Are we getting a genuine debate on policy in this discussion? No, we are not. What we are getting is a short-term political objective on display for the nation to see. They want an early election because they know that in the long term, as these policy issues play out, the people of Australia will come to realise by 2013 that it is all nonsense, that the coalition's claims in relation to these issues are garbage and that the opposition leader is a fraud.
The government scheme intends not only to support manufacturers, because it will position them for the new economy that is coming down the pipe towards us, but also to provide generous household assistance and support for jobs as we shift to a low-pollution economy. It will also assist industry to tackle the climate change challenges that they face. As has been emphasised by other members of the government, if we do not have a price on carbon, if we do not position ourselves in this way, it is quite conceivable that we will face carbon price action against us by other countries that are doing their bit. They will not stand by and let Australia, which has such an emissions intensive economy, take no action and so we may start to see penalties imposed upon us that equate to border taxation adjustments on our exports. That would be catastrophic for manufacturing and industry in this country. That is what we are trying to avoid.
This policy will assist those companies that are emissions intensive and trade exposed. Through the CPRS network we did have a very substantial assistance package of up to 94.5 per cent for our most exposed industries. That assistance not only sends a price signal to those industries to reduce their carbon pollution but also, if it is in the form of free permits, provides actual assets. Businesses will have an opportunity to reduce their carbon emissions and to sell surplus permits. If they cannot reduce their emissions, there is a substantial level of shielding against carbon leakage.
We should remind ourselves of what substantial players in the investment market have to say about these critical issues. When we talk about the price of power going up, we are talking about the lack of investment in infrastructure in this country over a long period. There is no carbon price in place now—that is the only reason prices are going up. We know that, with the power challenges we will face in the future, we have to get busy on producing the new baseload generation that we need. There is no point going down the road of trying to build new coal-fired power stations—we know that is not the way forward. The only way to get the renewable energy investment that we need, and step-down technologies like gas, is to get a price in the market that enables those replacement technologies to happen.

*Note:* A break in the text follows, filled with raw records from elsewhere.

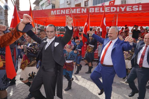 Atatürk Caddesi’nde düzenlenen Resmigeçit Töreni’ne Menemen Kaymakamı Fatih Yılmaz, Menemen Belediye Başkanı Aydın Pehlivan, Menemen Garnizon Komutanı Topçu Albay Zekeriya Tosun, siyasi parti temsilcileri, kamu kurumları ve sivil toplum örgütleri temsilcileri, belediye meclis üyeleri, muhtarlar, gaziler, şehit yakınları ve 7'den 77'ye çok sayıda vatandaş katıldı. Saygı duruşu ve İstiklal Marşı ile başlayan tören, Menemen Kaymakamı Fatih Yılmaz’ın günün anlam ve önemi üzerine yaptığı konuşma ile devam etti. Protokolün halkın bayramının kutlanmasının ardından, İlçe Gençlik Spor Müdürlüğü’nün düzenlediği Gençlik Koşusu’nda dereceye giren öğrencilere teşekkür belgesi ve çeşitli ödüller verildi.
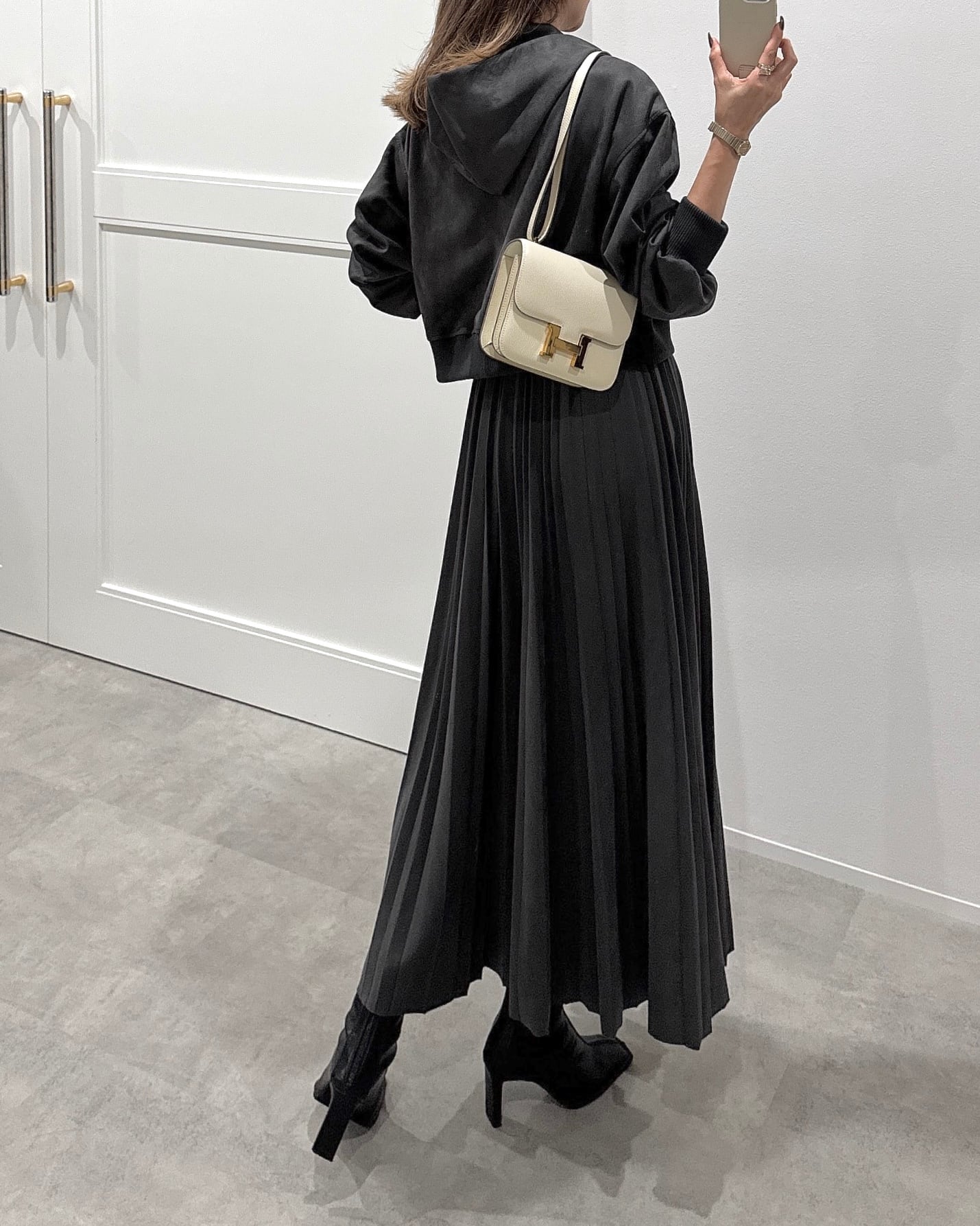 落ち着いた表情のスエードポンチ素材を使用したプリーツスカートです
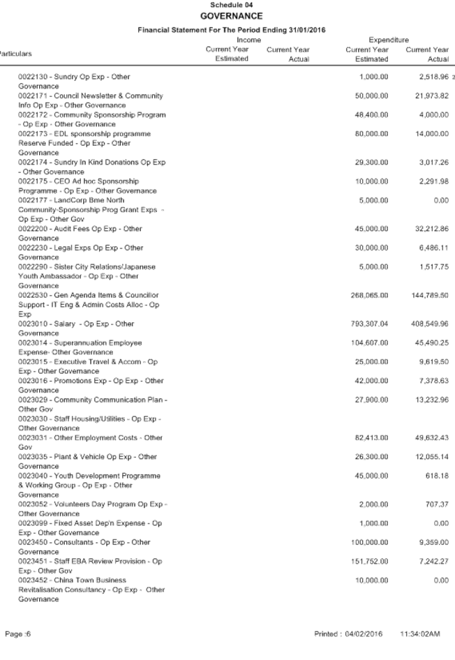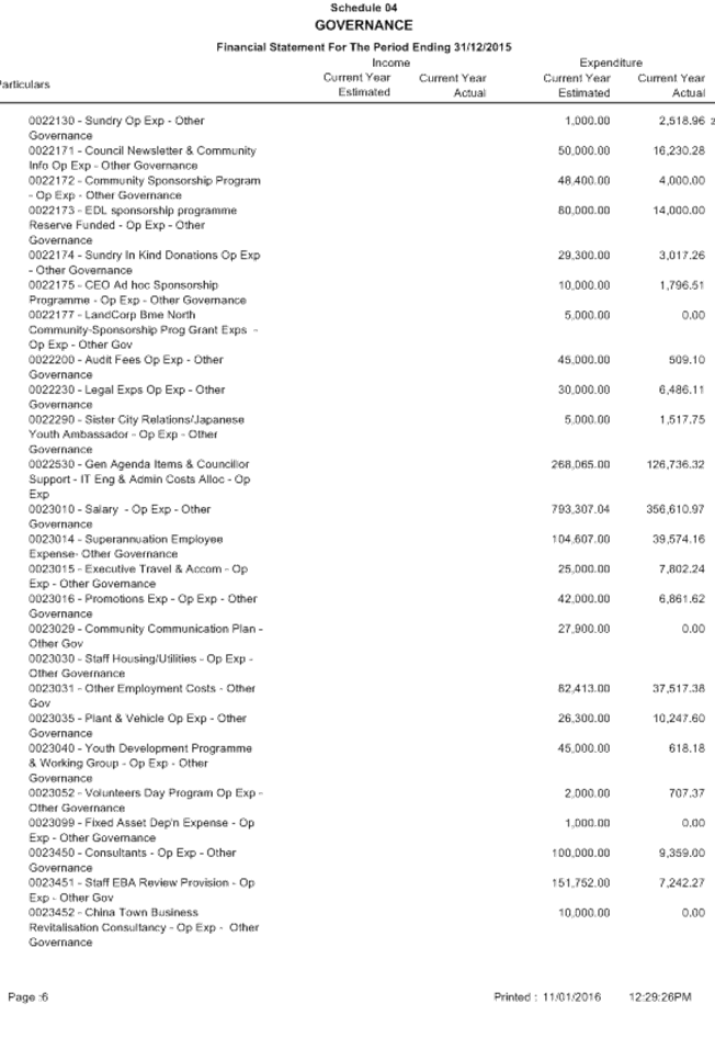 The 2nd Quarter Finance and Costing Review (FACR) was conducted in January reviewing income and expenditure against budget for the period ending 31 December 2015. The Executive Management Group considered the results of the FACR on Thursday, 4 January 2015 and, following final adjustments, it is now presented to the Audit Committee for consideration. The 2nd Quarter FACR is intended to be Council’s formal mid year budget review process.
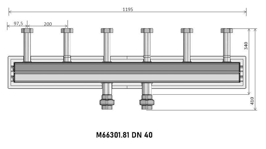 Коллектор распределительный Meibes M66301.81 3-х контурный ВР-НР 1 1/2" DN 40 PN 6 в теплоизоляции
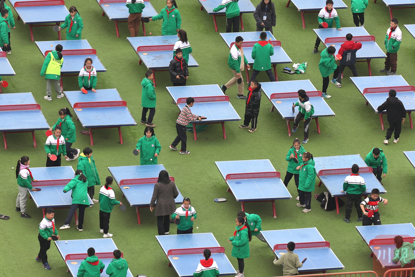 目前,电子科技大学附属实验小学五个校区共有7000多名学生,乒乓球桌从最初9张慢慢增加到现在829张。

I remind the chamber of what Mr Nathan Fabian, the chief executive of the Investor Group on Climate Change, had to say about the CPRS on Radio National in 2009. He spoke for some of Australia's major institutional investors, including super funds, insurance companies and private sector fund managers such as AMP Capital and Colonial First State, representing $500 billion in funds under management—the sort of money we need to drive investment in much-needed power infrastructure. In a Radio National interview on 28 May 2009 he said:
Our members are concerned about delays in the emissions trading scheme, they are concerned about the trajectory of the change in the economy between now and 2020 and beyond. And their view is that we should be smoothing the transition as much as possible, smoothing what is a significant adjustment in the economy, to spread the impact on their investments.
Our members would rather get going with the scheme.
Single digit earning impacts are expected for most of the emissions intensive trade exposed companies. And those figures reduce when the current compensation scheme—
the scheme that was associated with the CPRS—
is taken into account. So they are not overly concerned about short to medium term.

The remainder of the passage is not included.